“The arc of the moral universe is long, but it bends towards justice.”
—Martin Luther King Jr.
Usually I don’t use this space to comment on national issues but I believe that history will record this week to be a momentous one in our nation’s story. That demands comment.
The history of the American Civil War is high on the list of things that interest me but the Civil War ended 150 years ago and its relics should be relegated to museums for study and remembrance. This is especially true for the Confederate flag because that flag has, since the Civil War, taken on an ominous, secondary meaning. It was during the Civil Rights movement of the 1960s that the Confederate flag had its revival. It has come to be used not as symbol of brave soldiers but of modern racism that permeates our society and drives so much of the conflict in our politics today.
If people want to wear the Confederate flag on their clothing or fly it in their yard, that’s their business. But it should not fly over public buildings. Fortunately, that practice seems destined to come to an end.
As for whether the Confederate flag should be sold at Walmart, or on eBay, or displayed by NASCAR, that’s up to those organizations. That’s capitalism. And the fact that those three entities and so many others chose this week to shed that flag from their inventories is not them succumbing to political correctness. Rather it is them analyzing their market, both present and future, and determining that they no longer wanted to be associated with the Confederate flag and the things that it stands for today.
The cynic in me suspects the firearms industry is quite content with the direction of this debate. We’re all talking about the Confederate flag and racism in America – important things to discuss, certainly – when we should also be talking about guns and why those set on using them to commit dastardly crimes find it so easy to arm themselves. But this is a celebratory story so we’ll leave guns to another day.
By a six to three decision on Thursday, the United States Supreme Court rejected a major legal attack on the Affordable Care Act. An essential component of Obamacare is state-level insurance marketplaces (called “exchanges”) where individuals who do not have health insurance through their employer can purchase policies at affordable prices. To ensure that those prices are affordable, the act provides Federal subsidies on an income-based sliding scale to many of these individual policy purchasers. The act also stated that the Federal government would establish and exchange in any state that did not create its own. Quite a few states either refused to create exchanges or chose not to.
The present challenge seized on the section of the law that provided the subsidies to individuals. In the bill that was enacted, the language said subsidies could be paid to any individual enrolled in an exchange established by a state. The challengers argued that since it did not mention exchanges created by the Federal government for individual states, people who purchased insurance through Federally-created exchanges should be ineligible for the subsidies.
If the court had agreed with the challengers, it would have killed Obamacare because without the subsidies, people could not afford insurance and would cease carrying it. With plunging numbers of participants, insurance rates would skyrocket driving even more people out of the market. That would kill Obamacare and deprive the 4 million people depending on those subsidies to have health insurance into the uninsured column.
Fortunately, a majority of the Supreme Court found that while this section of the Affordable Care Act was “inartfully” written, the Congressional intent was clear from a fair reading of the entire bill: Congress intended to increase health insurance coverage for individuals, not deprive them of it.
I was relieved by this decision. My own preference would be a single-payer, Medicaid for all type of system but that is just not going to happen in America anytime soon. Thus, we have this crazy quilt of Obamacare which is much better than the alternative of millions of individuals without health insurance.
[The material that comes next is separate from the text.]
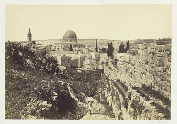 Captured by Felice Beato, this photograph presents the Dome of the Rock in Jerusalem, a site laden with religious significance for both Islam and Judaism. The dome itself, a celestial sphere, rises prominently, symbolizing the heavens and divine presence. Enclosed by formidable walls, this sacred space echoes the ancient city's history as a fortress of faith. The Dome mirrors the Pantheon's dome, each aspiring to connect the earthly with the divine. Consider, too, the ziggurats of Mesopotamia or the pyramids of Egypt; such structures denote humanity’s striving for the heavens. The enduring allure of Jerusalem, depicted here, stirs collective memory and embodies profound emotional weight. These stones, imbued with prayers and historical resonance, evoke deep, subconscious responses, drawing us into a continuum of human experience. The dome persists as a potent symbol, endlessly reinterpreted yet eternally resonant.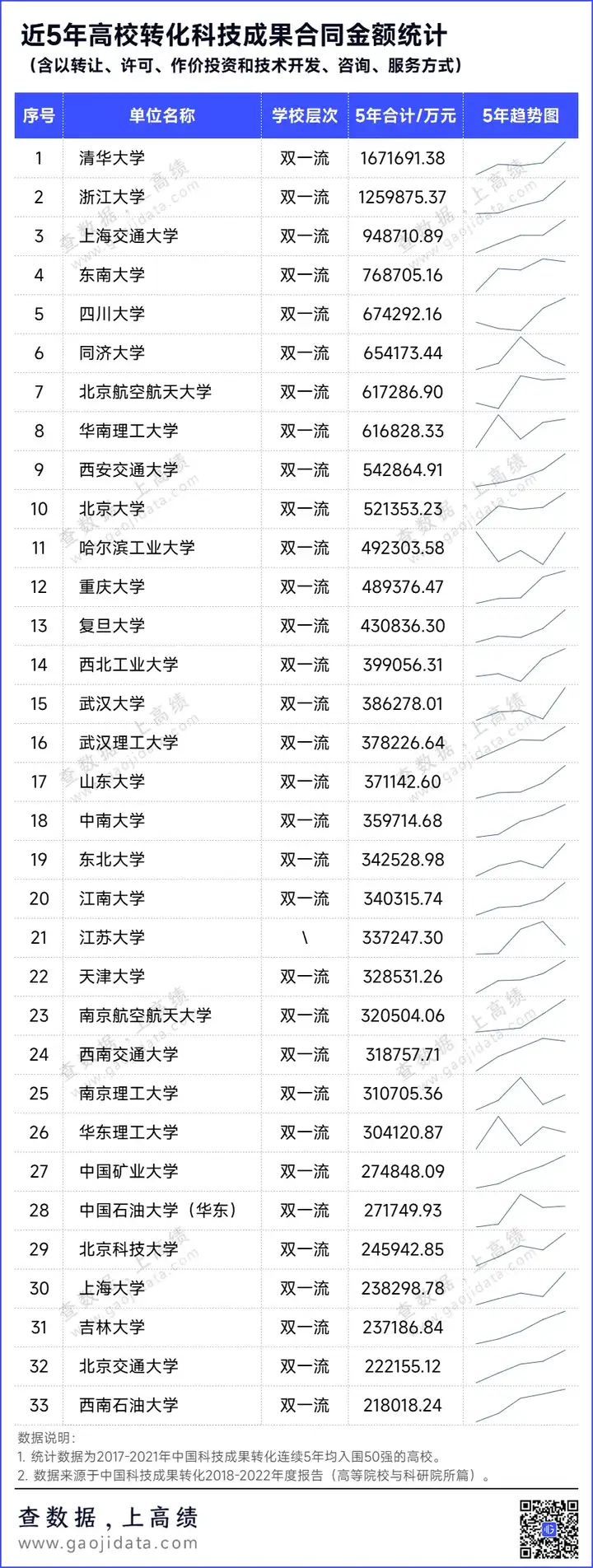 自2017年起,依據(jù)財政部、科技部建立的報告制度,我國高校與科研院所均要報送上一年度的科技成果轉(zhuǎn)化報告,由國家科技評估中心等機構(gòu)統(tǒng)一編纂出版。高績(ID:gjdata)根據(jù)中國科技成果轉(zhuǎn)化2018-2022年度報告(高等院校與科研院所篇),對全國高校2017年-2021年的科技成果轉(zhuǎn)化合同金額進(jìn)行整理統(tǒng)計。

Like the Confederate flag, I believe capitalism was a major if not the determining factor in this decision. Healthcare is a $2.9 billion industry in the United States and it seems to be thriving under Obamacare. There’s a lot of profit that would have been lost had Obamacare ended. Don’t underestimate that as a major factor in the court’s decision. But whatever its rational, upholding the healthcare law was a great decision by the court.
Same Sex Marriage
The turning point for me came back in 2003 when I first read Margaret Marshall’s opinion in Goodridge v Department of Public Health, the Supreme Judicial Court decision that established the right to same sex marriage in Massachusetts. Before that I was a “civil union” person, reasoning that equality could be achieved by affording same sex couples all of the rights and privileges of marriage just let’s not call it marriage. Today, I am embarrassed that I once felt that way but grateful to Chief Justice Marshall’s eloquent decision which immediately persuaded me that the term “marriage” itself has such important connotations and implications that to deprive same sex couples of the use of that term was unjust. That was especially true when there was no good reason not to apply the term “marriage” to same sex unions.
Today I find the arguments against same sex marriage to be utterly incomprehensible. While it is clear that the rest of the country was also moving in this direction, today’s Supreme Court decision gives America a major shove onto the correct side of history on this issue. But as is the case with Civil Rights, the law can’t change what is in people’s hearts, good or bad, so it is as important as ever to speak out on the wisdom of this decision and the wrongfulness of the opinions held by those who continue to oppose it.